Educar es una tarea que abarca toda la vida, y requiere de todas nuestras capacidades. Cuando el Cándido de Voltaire llega a la conclusión de que tenemos que cultivar nuestro huerto, ha culminado un proceso de aprendizaje en el que, con los pies sobre la tierra, ha descubierto la importancia de acompañar el crecimiento de la vida a nuestro alrededor para hacer realmente de este el mejor mundo posible y sabe que para ello es necesario formar parte de sus cambios, preparar la tierra, sembrar y recoger, para hacer de todo el proceso una casa a la que retornar, un espacio de reconciliación y de sentido en el que nuestro compromiso personal no puede ser suplido ni por las leyes positivas ni por la confianza ciega en que sean otros quienes lo realicen.

Ya hace tiempo que asumimos que el cultivo de nuestro huerto educativo comienza por los más pequeños, convencidos no solo de que desde los primeros años se empieza a formar la conciencia y se adquieren competencias para el desarrollo personal, sino también de que es la tierra trabajada y cuidada con cariño la que será fértil en nutrientes y posibilidades de futuro.

En el último decenio, la Educación Infantil se ha ido convirtiendo en eje fundamental para las principales transformaciones pedagógicas y pastorales. Ha dejado de ser un mero pórtico de entrada a la escuela, escuela de los cagones se le llegó a llamar, para consolidarse como parte misma de la propuesta educativa en todas nuestras instituciones. Los estudios en Neuroeducación han contribuido a este cambio de perspectiva, mostrándonos que la plasticidad del cerebro acoge especialmente en los más pequeños, como huerto fértil, las metodologías proactivas que después permitan seguir cultivando los conocimientos, una progresión pedagógica que ya no diferencia edades o capacidades previamente establecidas, sino que integra a todos.

La incorporación a nuestros proyectos educativos de estas metodologías desde la etapa de Educación Infantil va en paralelo con la excelente formación que se ofrece a los educadores implicados en la misma, uno de los grandes aciertos de los programas que se realizan desde Escuelas Católicas. Otro de los aciertos es situar estratégicamente esta etapa como parte esencial de los planes de innovación pedagógica; especialmente en los centros integrados se ha percibido la fortaleza que supone comenzar el cambio por ella, destinando los recursos necesarios y observando positivamente su desarrollo y beneficios en las etapas educativas superiores.

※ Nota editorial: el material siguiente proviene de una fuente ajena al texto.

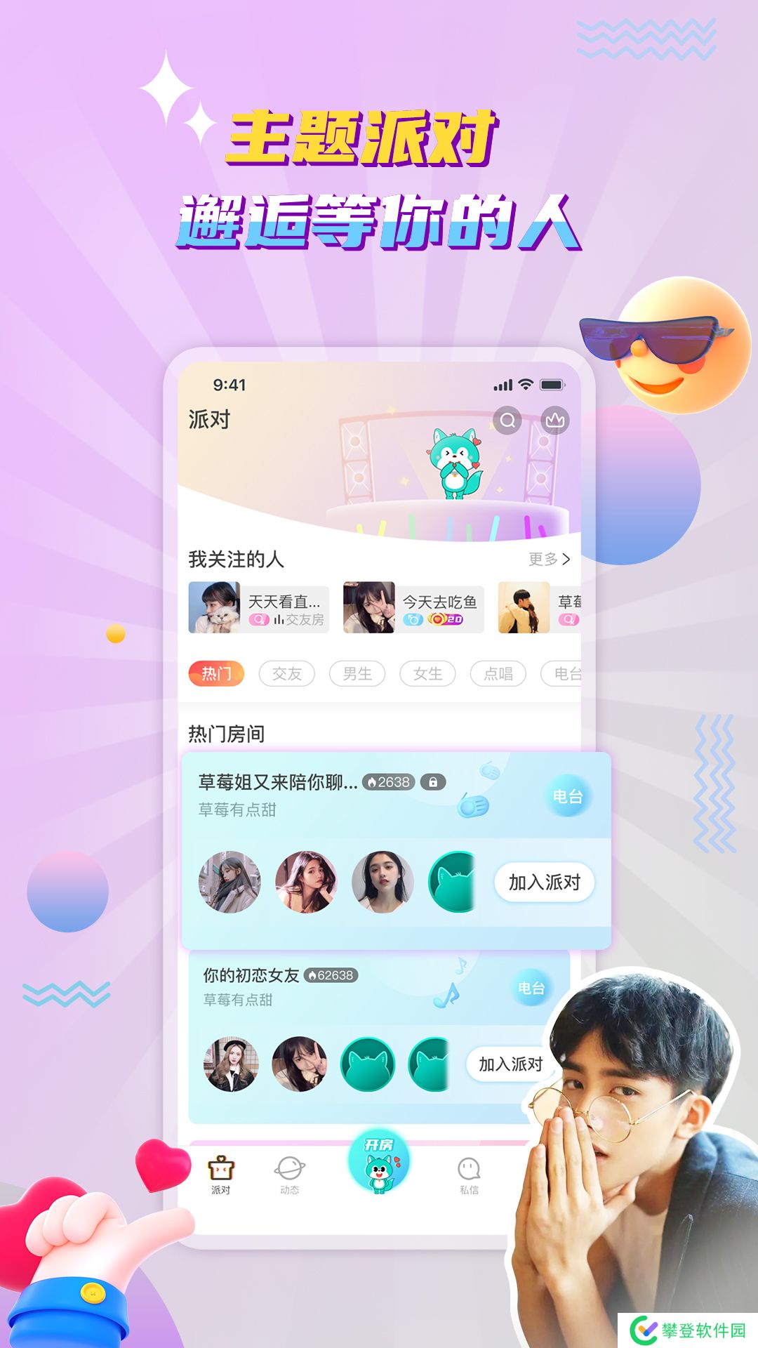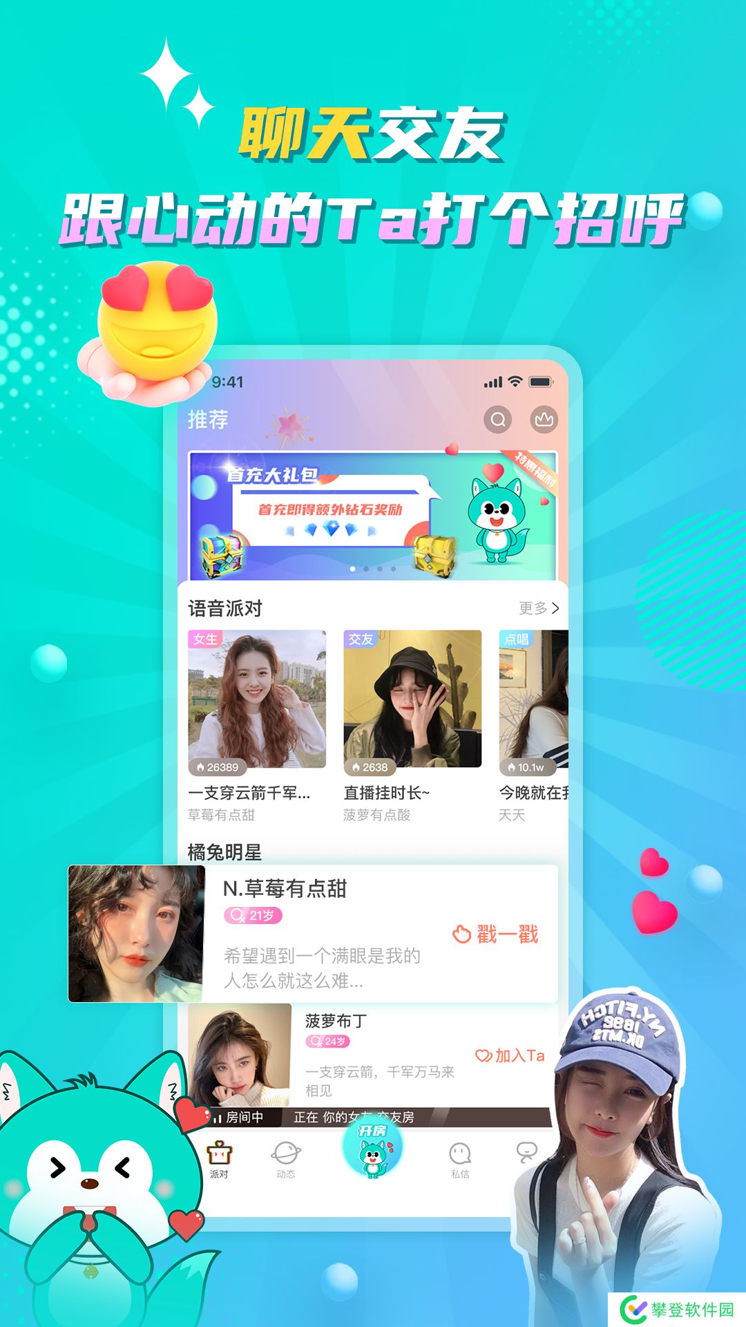 2、【娱乐聊天室】电竞、相亲、K歌、扩列超多超好玩的娱乐派对,让你不再是一个人;

La Educación Infantil, en toda su extensión, ciclo de 0 a 3 años y ciclo de 3 a 5 años, se nos revela también como espacio privilegiado para introducir el trabajo de las inteligencias emocional y simbólica, que serán base de cultivo para trabajar la trascendencia en posteriores etapas de desarrollo. El reconocimiento de las emociones, tanto en uno mismo como en los demás, desarrolla capacidades empáticas e interpersonales que ayudan a integrar la propia personalidad y afrontar un proceso de madurez que asuma tanto los éxitos como los fracasos. Esta educación emocional se debe complementar con una progresiva alfabetización simbólica, en la que los niños menores de 6 años son receptores y actores especialmente sensibles. Emociones y símbolos despiertan en ellos nuevas capacidades relacionales que favorecen la integración de las diferencias, tanto conceptuales como prácticas, en su entorno personal y de aprendizaje.

Al cultivar nuestro huerto debemos incorporar el optimismo volteriano; nadie se implica en la educación de los más pequeños sin tener la convicción de estar contribuyendo a construir un mundo mejor.